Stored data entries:
▬▬▬▬▬▬

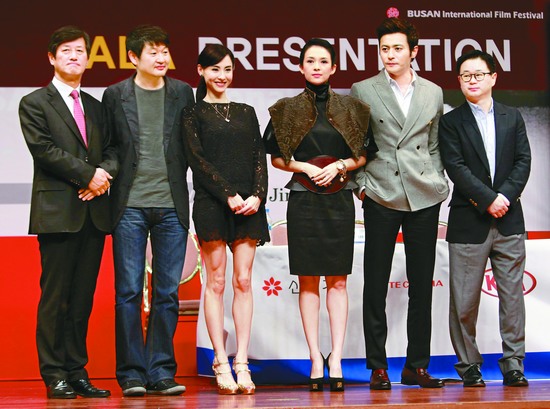 10月5日,韩国釜山电影节上,电影《危险关系》主创人员出席记者见面会,主演章子怡、张柏芝和张东健悉数出席。
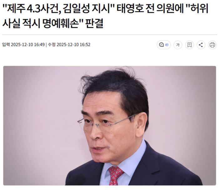 오 판사는 태 전 의원의 발언은 4.3 진상조사보고서 등을 볼 때 허위사실로 봄이 타당하며, 4.3 유족회의 명예를 훼손해 손해배상책임이 있다고 밝혔습니다.
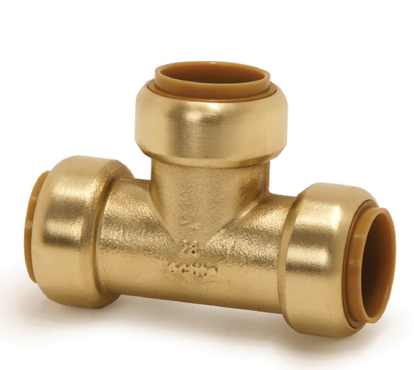 Tectite T24 T-koppling 22x22x22, pushkoppling x pushkoppling x pushkoppling gul i avzinkningshärdig mässing Classic body. Följande användningsområden:
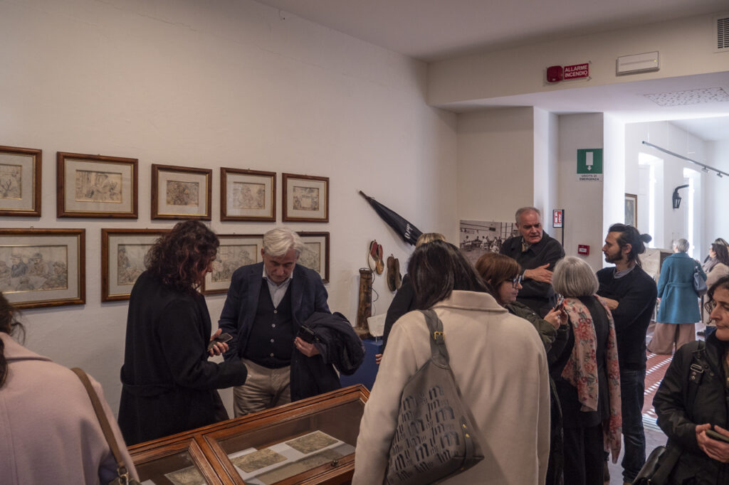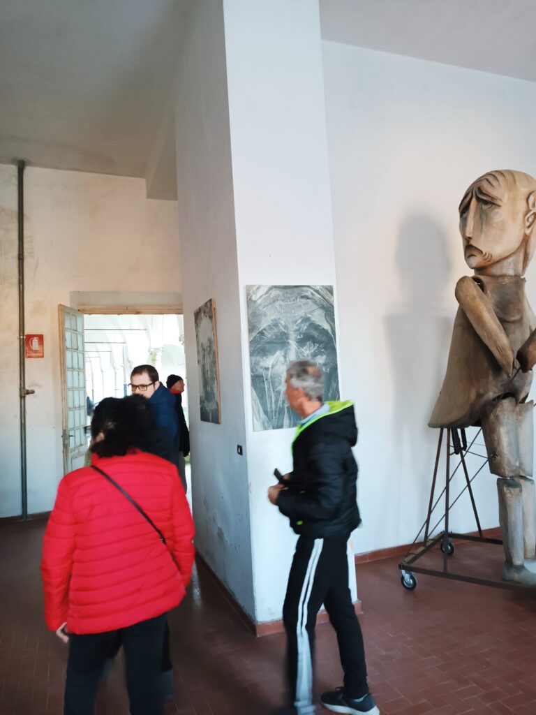 Un ruolo centrale nella restituzione visiva della vita manicomiale è svolto dai disegni di Fidia Palla, gentilmente concessi da Giulia e Ilaria Talini eredi di Fidia, artista ricoverato per oltre vent’anni, che con tratti di penna e matita ha raccontato la quotidianità delle camerate, i volti, l’attesa, il manicomio e il tedio del tempo sospeso. Da questa impostazione, inizialmente legata al lavoro imposto, si sviluppa, soprattutto dopo gli anni Cinquanta, un’altra visione che valorizza il lavoro e l’attività creativa dei malati come strumenti di coinvolgimento e di espressione: è la stagione della socioterapia e dell’arteterapia, della cura attraverso l’arte e la partecipazione attiva. Ne sono testimonianza le opere in ceramica e pittura realizzate dai degenti.
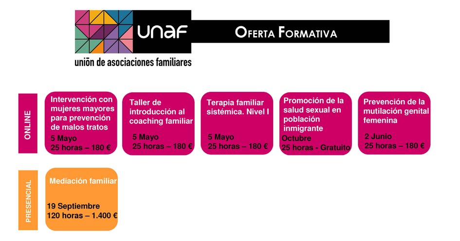 UNAF sigue apostando por la formación continua a profesionales para mejorar la calidad de intervención con las familias y responder a sus muy diversas necesidades. Coaching familiar, terapia familiar sistémica, intervención con mujeres mayores para promover el buen trato, la promoción de la salud sexual en la población inmigrante y la prevención de la mutilación genital femenina son los cursos que UNAF ofrece en los próximos meses.
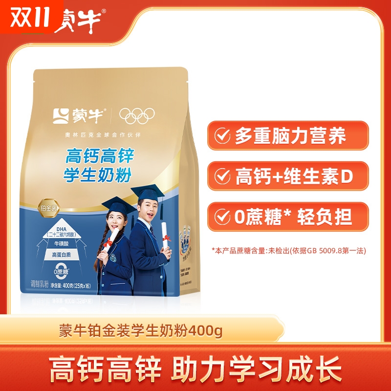 蒙牛铂金装中老年人多维高钙奶粉400g袋装营养送礼长辈配方蔗糖
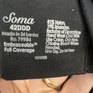 Soma Embraceable Full Coverage Bra 42DDD Black Underwire 031503
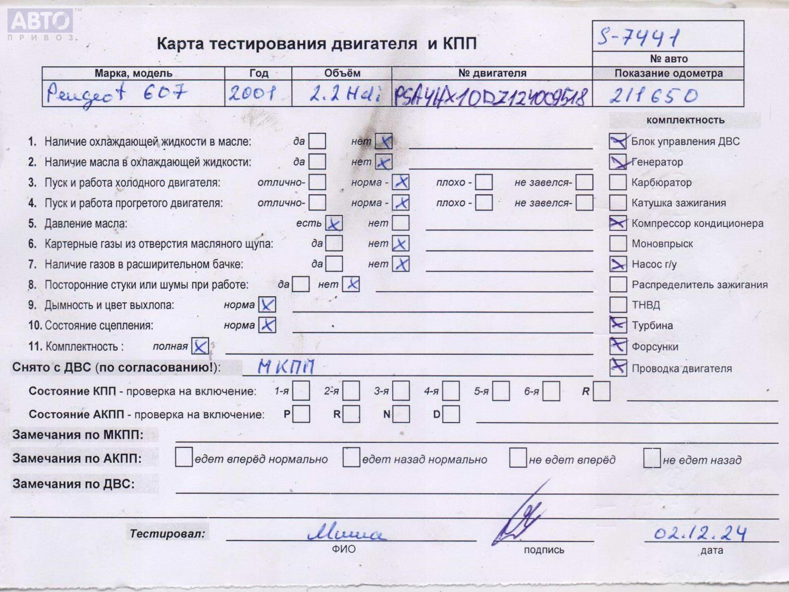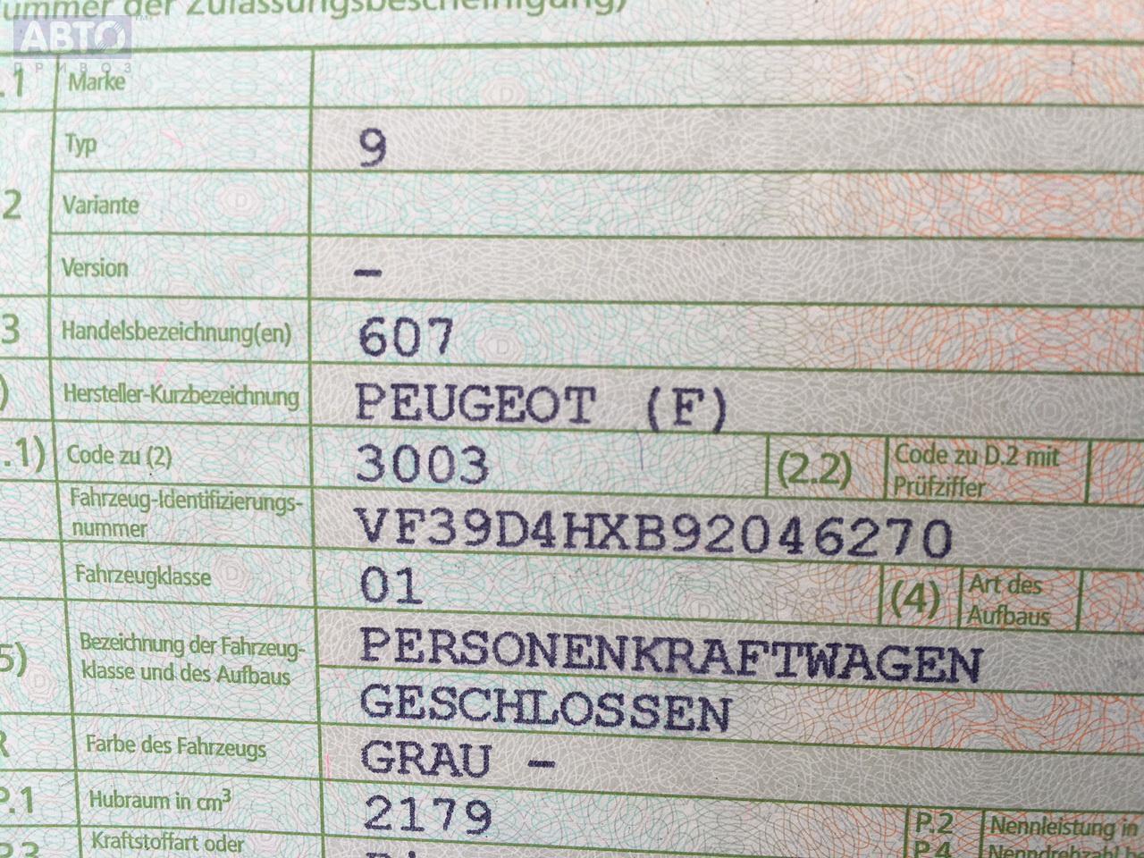| Марка / Модель / Год: | Peugeot 607 2001 |

▬▬▬▬▬▬

When you retype the records, keep every word exactly as written and exclude the pictures.

Solved exercise:
 10月5日,韩国釜山电影节上,电影《危险关系》主创人员出席记者见面会,主演章子怡、张柏芝和张东健悉数出席。
 오 판사는 태 전 의원의 발언은 4.3 진상조사보고서 등을 볼 때 허위사실로 봄이 타당하며, 4.3 유족회의 명예를 훼손해 손해배상책임이 있다고 밝혔습니다.
 Tectite T24 T-koppling 22x22x22, pushkoppling x pushkoppling x pushkoppling gul i avzinkningshärdig mässing Classic body. Följande användningsområden:
 Un ruolo centrale nella restituzione visiva della vita manicomiale è svolto dai disegni di Fidia Palla, gentilmente concessi da Giulia e Ilaria Talini eredi di Fidia, artista ricoverato per oltre vent’anni, che con tratti di penna e matita ha raccontato la quotidianità delle camerate, i volti, l’attesa, il manicomio e il tedio del tempo sospeso. Da questa impostazione, inizialmente legata al lavoro imposto, si sviluppa, soprattutto dopo gli anni Cinquanta, un’altra visione che valorizza il lavoro e l’attività creativa dei malati come strumenti di coinvolgimento e di espressione: è la stagione della socioterapia e dell’arteterapia, della cura attraverso l’arte e la partecipazione attiva. Ne sono testimonianza le opere in ceramica e pittura realizzate dai degenti.
 UNAF sigue apostando por la formación continua a profesionales para mejorar la calidad de intervención con las familias y responder a sus muy diversas necesidades. Coaching familiar, terapia familiar sistémica, intervención con mujeres mayores para promover el buen trato, la promoción de la salud sexual en la población inmigrante y la prevención de la mutilación genital femenina son los cursos que UNAF ofrece en los próximos meses.
 蒙牛铂金装中老年人多维高钙奶粉400g袋装营养送礼长辈配方蔗糖
 Soma Embraceable Full Coverage Bra 42DDD Black Underwire 031503
| Марка / Модель / Год: | Peugeot 607 2001 |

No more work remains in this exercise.